Applying Knowledge Graphs to E‑commerce AIGC: From Domain‑Specific to General Knowledge Graphs and LLM Integration
This article presents a comprehensive overview of how knowledge graphs are leveraged in e‑commerce AIGC pipelines, detailing domain‑specific and general graph‑based text generation, model architecture, controllable generation techniques, experimental results, and future directions for large language model integration.
The presentation introduces JD.com's exploration of AIGC in e‑commerce, outlining a multi‑modal input pipeline that combines product images, text, titles, and both domain‑specific and general knowledge graphs to generate controllable marketing copy.
Model architecture includes separate text and image encoders, a decoder employing restricted and copy mechanisms, sentence‑level fluency models, and punctuation correction to ensure coherent, high‑quality output across various lengths.
Four practical scenarios are demonstrated: product discovery channels, guide‑robot recommendations, social‑app sharing, live‑streaming scripts, and bundle‑purchase descriptions, all relying on accurate, multi‑modal text generation.
Controllable generation is achieved through three angles: input sanitization, token‑level vocabulary control, and model‑level adjustments such as encoder/decoder initialization and multi‑task learning, with a focus on preventing factual errors like incorrect attribute values.
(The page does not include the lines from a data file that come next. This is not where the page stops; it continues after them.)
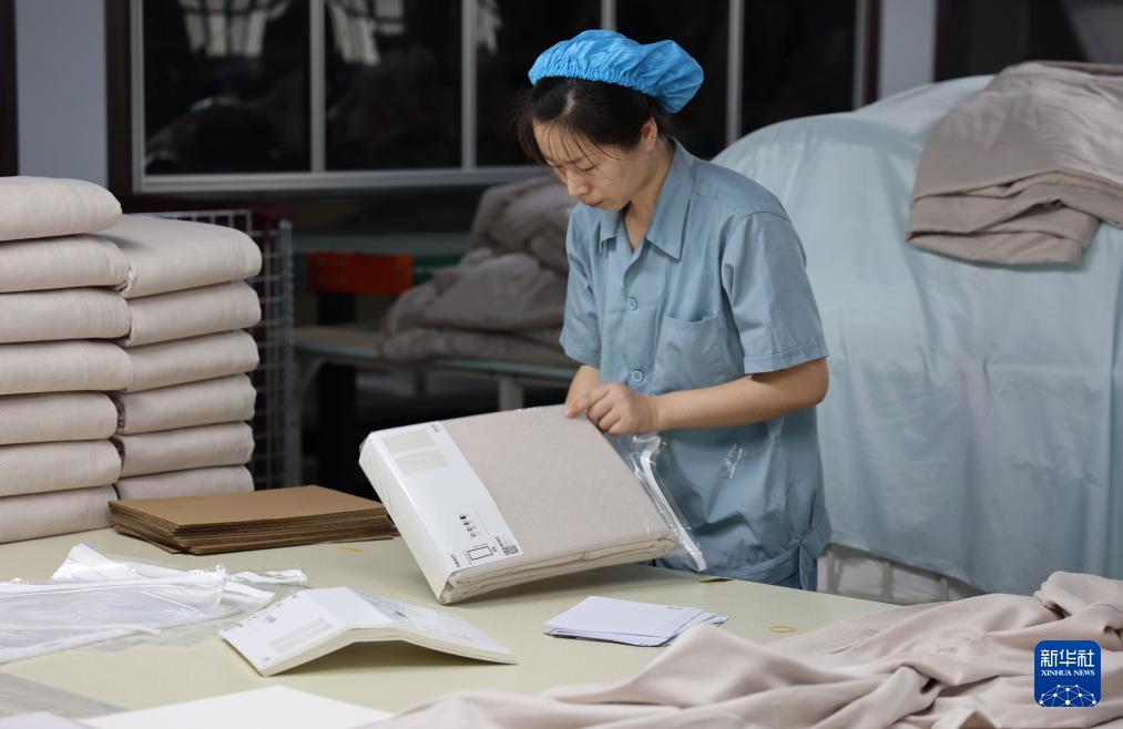 6月16日,在山東濱州高新區(qū)小營(yíng)街道的一家紡織企業(yè)生產(chǎn)車(chē)間內(nèi),工人加緊趕制紡織品的海外訂單。5月份,貨物進(jìn)出口總額38098億元,同比增長(zhǎng)2.7%。新華社發(fā)(初寶瑞攝)
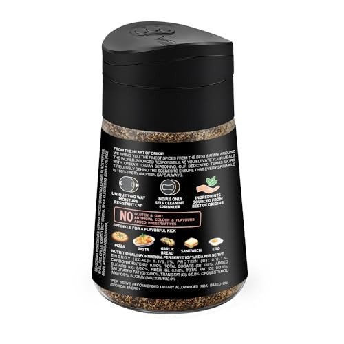 - The moisture-resistant sprinkler jar guarantees extended freshness and convenient storage and use. Packaged hygienically in compliance with FSSAI food safety standards, it preserves the original aroma and rich flavour. Enjoy an authentic taste with no preservatives, fillers, additives, or anti-caking agents.
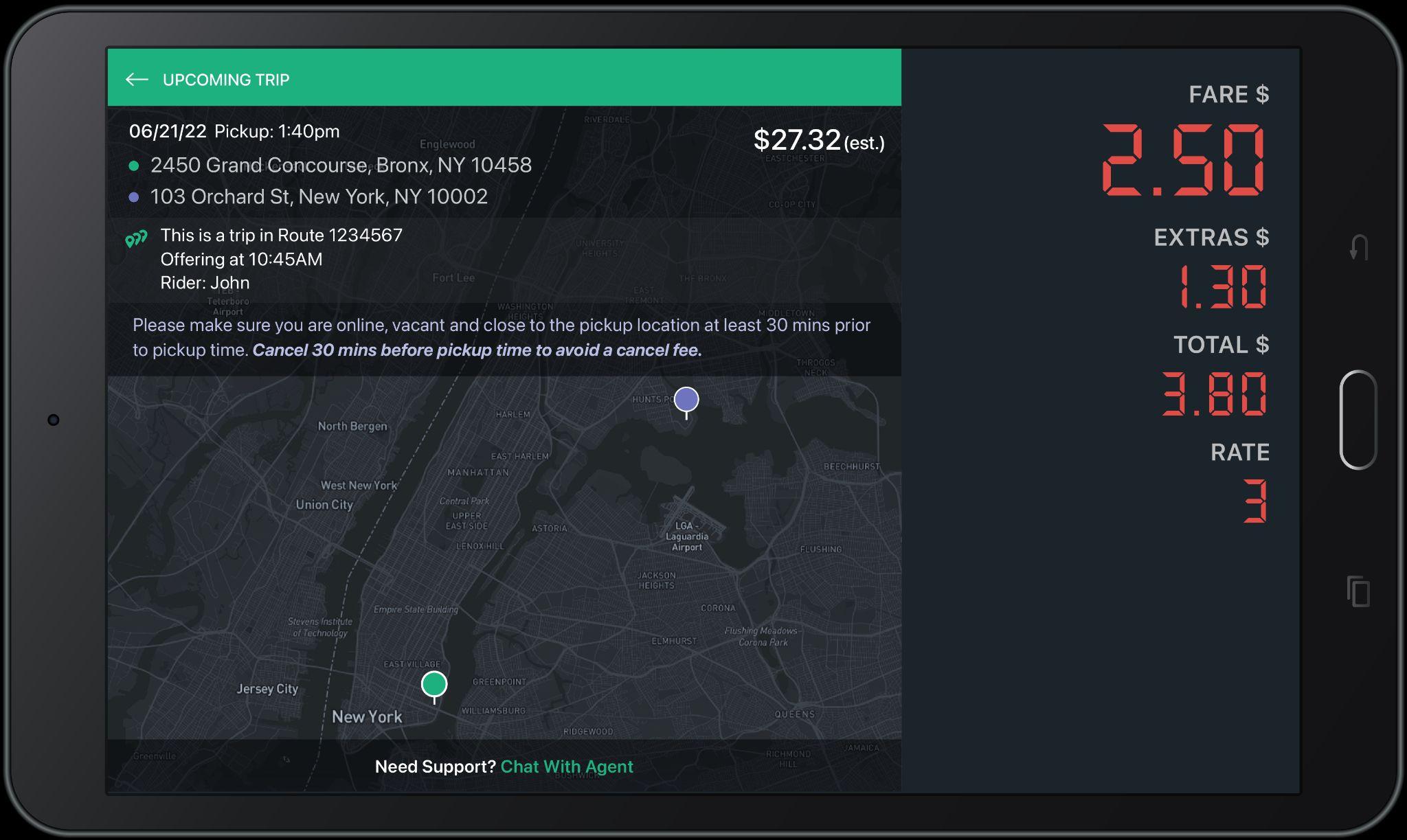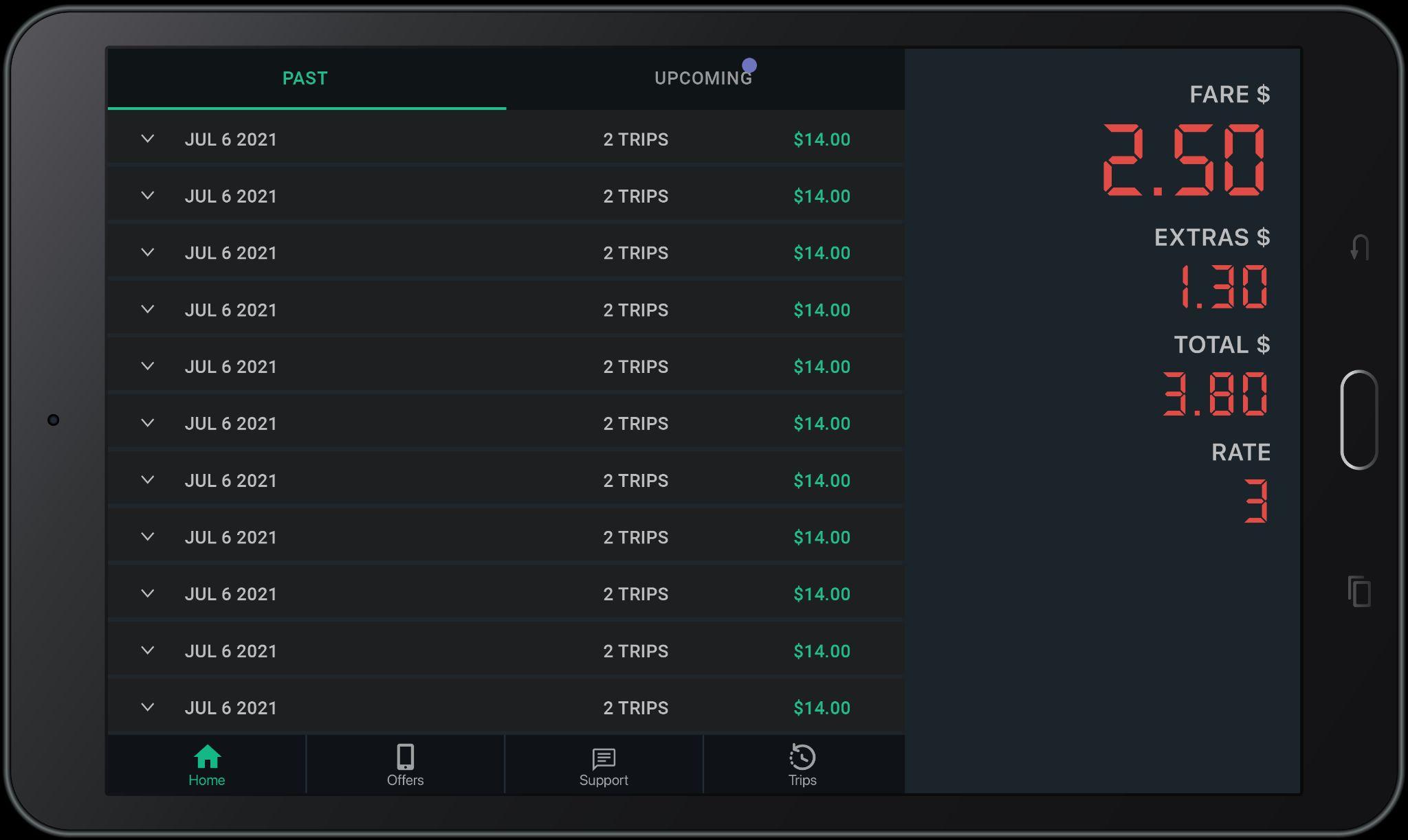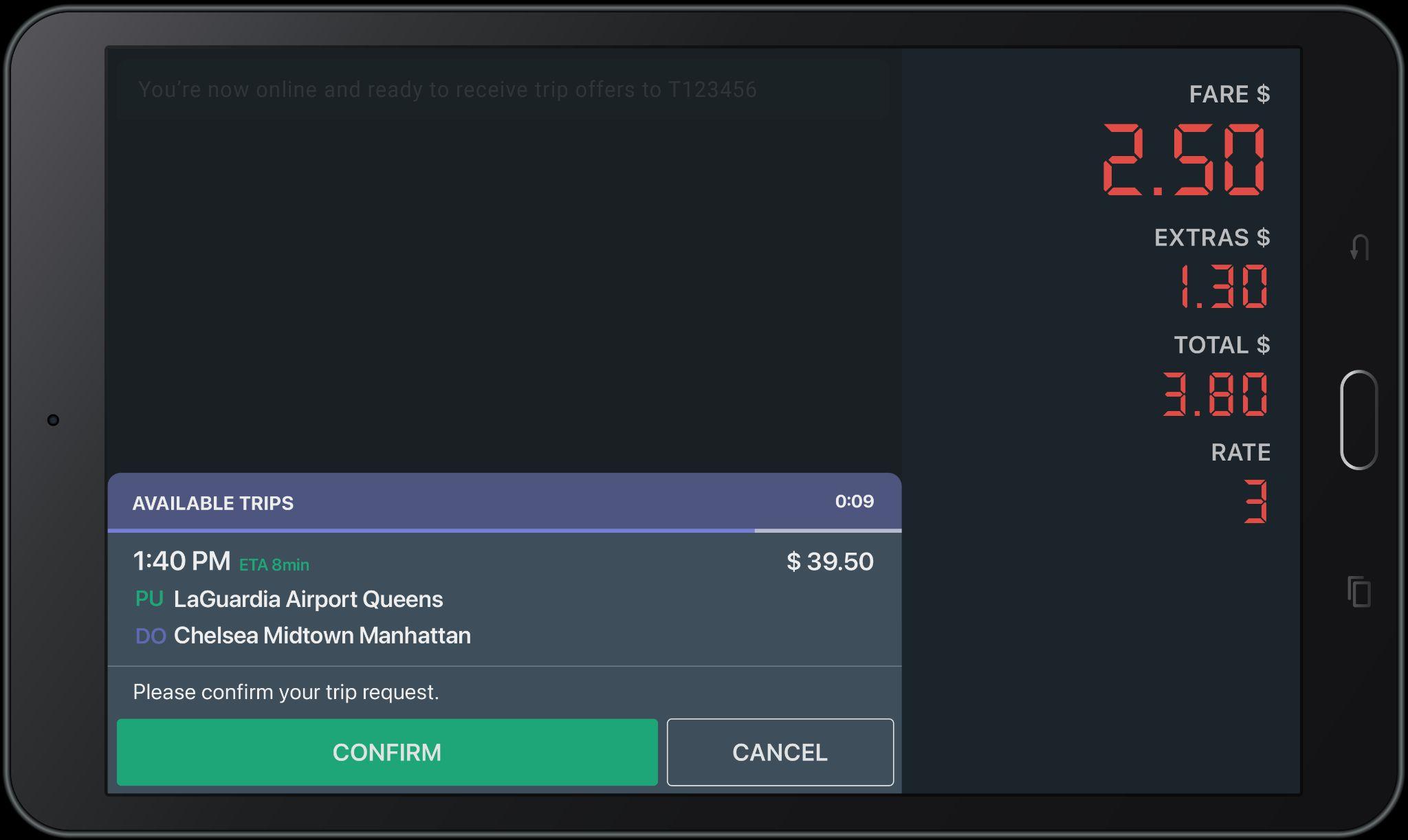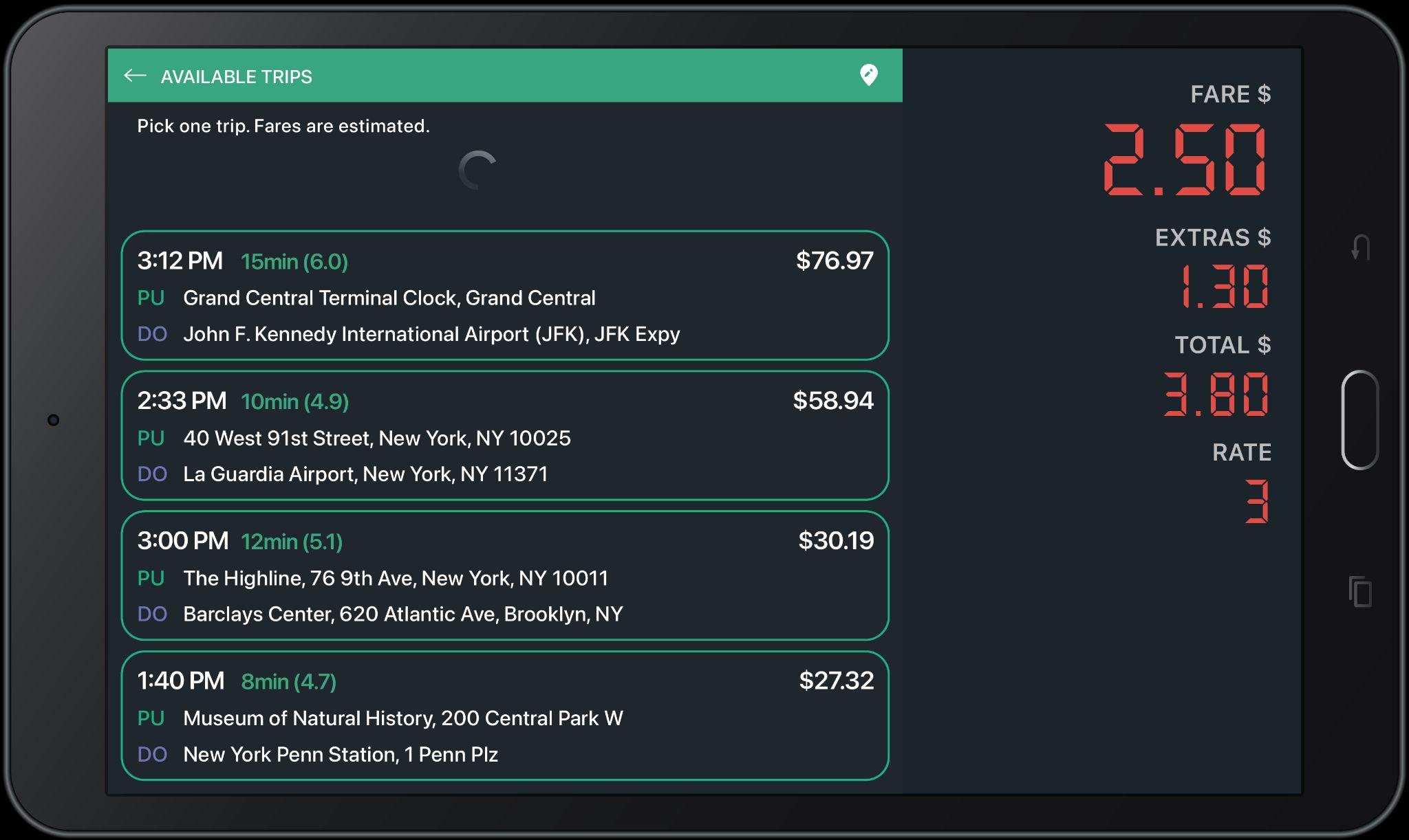 2 You will be able to view a list of available trips near your current location. Each offer contains important information like pickup time, pickup and drop off location.

Domain‑specific knowledge graphs are used to enforce attribute fidelity, improve copy mechanisms, and supplement sparse graph data via multimodal cues; visual gates (local and global) help the model attend to relevant image regions.
Large‑model research explores integrating domain and general knowledge graphs into LLMs, defining four knowledge categories and five pre‑training tasks to enhance NLU and NLG performance, resulting in higher ROUGE scores, longer, more diverse copy, and improved audit pass rates.
Experimental evaluations on e‑commerce tasks (knowledge‑graph completion, multi‑turn dialogue, product summarization) show that models enriched with domain knowledge (K‑PLUG) outperform generic baselines, confirming the value of knowledge‑graph‑augmented LLMs for real‑world e‑commerce applications.